Under the plaintiff's written reply submissions of 8 April 2015, the plaintiff reiterates the core grievance that:
[the] primary objection to this plea is that the defence cannot be relied upon with respect only to selected extracts of the Book, rather than the Book as a whole [5].
Again, the plaintiff invokes to that end the Macquarie Radio Network decision, particularly at [70].
At par 20 the plaintiff provides some illustrative examples, essentially of its submission at subpar 5.2 of its primary submissions of there being too much interwoven author comment found in an extract relied upon by the defendants as being the subject of s 29 protection, by reference to the following extract from the Book:
We all stood as the Deputy State Coroner, Mr Paul MacMahon, entered the court. As a magistrate, he wore his own head of hair - a thick, white mop with a fringe - and a black gown over his suit. He looked like Phil Donahue, the American talk show host from the 90s. Instantly, he introduced a touch of reality TV to a room that more resembled a honey‑toned lecture theatre than a court [page 23].

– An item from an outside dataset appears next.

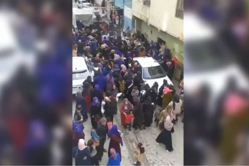 Tişört dağıtıldığını duyanlar mahalleye geldi. Yardım kısa sürede izdihama dönüşürken, bazı vatandaşlar ezilme tehlikesi geçirdi.

The plaintiff says that the author's diverting excursion into irrelevancies (the Coroner's hair, etc) in the above extract (and other examples) are indicative that the extracts could not, on any view, be arguably regarded as 'fair' reports of the 2007 New South Wales Coroner's Court's proceeding. This is based on what is attacked as the frequent intermingling of the second defendant's 'personal views' and her 'thought bubbles'. It is said that such extraneous personal observations, obviously could not and do not fairly or accurately report or summarise what happened in the Coroner's proceedings, rendering it impossible for any reader to decipher the extent to which the matter alleged to convey the defamatory imputation went beyond merely the material in a protected report.

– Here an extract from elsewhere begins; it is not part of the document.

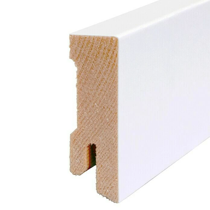 Die Sockelleiste aus einem hochwertigen Fichtenholzkern ist von einer Starkfolie in klarem, reinem Weiß ummantelt. Das Ergebnis ist eine besonders robuste, langlebige Leiste, die mit einem schlichten, puristischen Look punktet. Dieser wird durch ihr modernes, eckiges Profil noch verstärkt, da dieses zu vielerlei Einrichtungsstilen passt. Einen praktischen Vorteil bietet die Clip-Nut der Sockelleiste. Damit ist eine einfache und verdeckte Montage möglich.

Paragraph 9: Defence raising a s 29 fair report of Coroner's proceedings in parts of Book: Determination
In my assessment, the plaintiff's first subpar 5.1 line of attack against par 9 must succeed, on the basis that the defendant's plea directed at claiming protection by a fair report of public proceedings under s 29 of the Defamation Act 2005 ‑ but only for certain limited passages in the Book (amounting in aggregate to about 32 pages of the Book) within a publication context of the 306-page Book (with the Book as a whole being the defamatory publication complained of by the plaintiff), is misconceived. That fair report plea, in my view, as it is currently framed, simply does not go far enough to actually engage against the plaintiff's plea - which is about a defamatory meaning derived from the whole Book.

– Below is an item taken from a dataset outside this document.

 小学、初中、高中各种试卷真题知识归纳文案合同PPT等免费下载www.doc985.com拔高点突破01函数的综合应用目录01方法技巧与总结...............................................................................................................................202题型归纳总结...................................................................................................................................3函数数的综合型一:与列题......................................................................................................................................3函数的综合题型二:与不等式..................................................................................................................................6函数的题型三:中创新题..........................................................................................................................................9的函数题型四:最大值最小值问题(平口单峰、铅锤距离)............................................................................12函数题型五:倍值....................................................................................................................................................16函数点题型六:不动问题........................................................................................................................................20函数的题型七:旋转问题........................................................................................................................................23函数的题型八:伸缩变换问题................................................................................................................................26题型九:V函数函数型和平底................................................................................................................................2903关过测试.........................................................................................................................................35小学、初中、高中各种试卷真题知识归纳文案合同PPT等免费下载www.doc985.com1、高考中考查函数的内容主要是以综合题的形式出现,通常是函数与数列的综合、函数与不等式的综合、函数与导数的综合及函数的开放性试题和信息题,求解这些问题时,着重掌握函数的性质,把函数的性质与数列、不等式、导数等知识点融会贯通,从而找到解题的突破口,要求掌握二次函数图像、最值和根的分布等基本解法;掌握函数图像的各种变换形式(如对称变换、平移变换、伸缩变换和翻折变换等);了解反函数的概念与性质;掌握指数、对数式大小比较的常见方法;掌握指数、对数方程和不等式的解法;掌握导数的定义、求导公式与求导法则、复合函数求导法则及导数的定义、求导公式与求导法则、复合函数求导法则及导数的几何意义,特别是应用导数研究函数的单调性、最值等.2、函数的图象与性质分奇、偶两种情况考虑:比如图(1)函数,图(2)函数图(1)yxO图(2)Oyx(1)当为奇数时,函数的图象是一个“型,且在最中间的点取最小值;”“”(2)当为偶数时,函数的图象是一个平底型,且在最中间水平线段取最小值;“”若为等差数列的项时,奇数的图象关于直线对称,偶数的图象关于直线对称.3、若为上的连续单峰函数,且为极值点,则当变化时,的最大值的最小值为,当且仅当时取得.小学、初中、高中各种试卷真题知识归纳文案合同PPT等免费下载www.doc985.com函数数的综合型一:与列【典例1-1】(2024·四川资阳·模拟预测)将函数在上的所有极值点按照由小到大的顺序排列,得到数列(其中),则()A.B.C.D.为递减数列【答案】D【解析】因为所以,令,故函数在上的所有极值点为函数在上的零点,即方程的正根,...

It would be another thing entirely, of course, if the defendants' par 9 plea had gone on to assert that the residue of the Book, assessed after quarantining identified passages the subject of a protected report, could then no longer be (arguably) assessed by a hypothetical, ordinary, reasonable reader as carrying the plaintiff's Chase level 1 imputation or that, when the protected passages are read only as context for the residue of the Book, the defendants' Chase level 2 imputation of reasonable suspicion is the correct meaning to emerge. But those outcomes are not pleaded and so that is not the argument put in this case. That being so, the current par 9 plea which is directed at only 32 passages in the Book, in the end, accomplishes nothing, if the residue of the Book can be assessed as still carrying the plaintiff's Chase level 1 meaning.
During oral arguments it appeared to be the case (see ts 179 and ts 180) that the defendants do not seek (at least on this application) to contend that the residue of the Book (absent the asserted fair report passages) is rendered benign, from a defamation perspective, as against the plaintiff - once the identified par 9 passages are isolated, or treated as 'mere context', taken within the Book as a whole - from a defamatory meaning contribution perspective.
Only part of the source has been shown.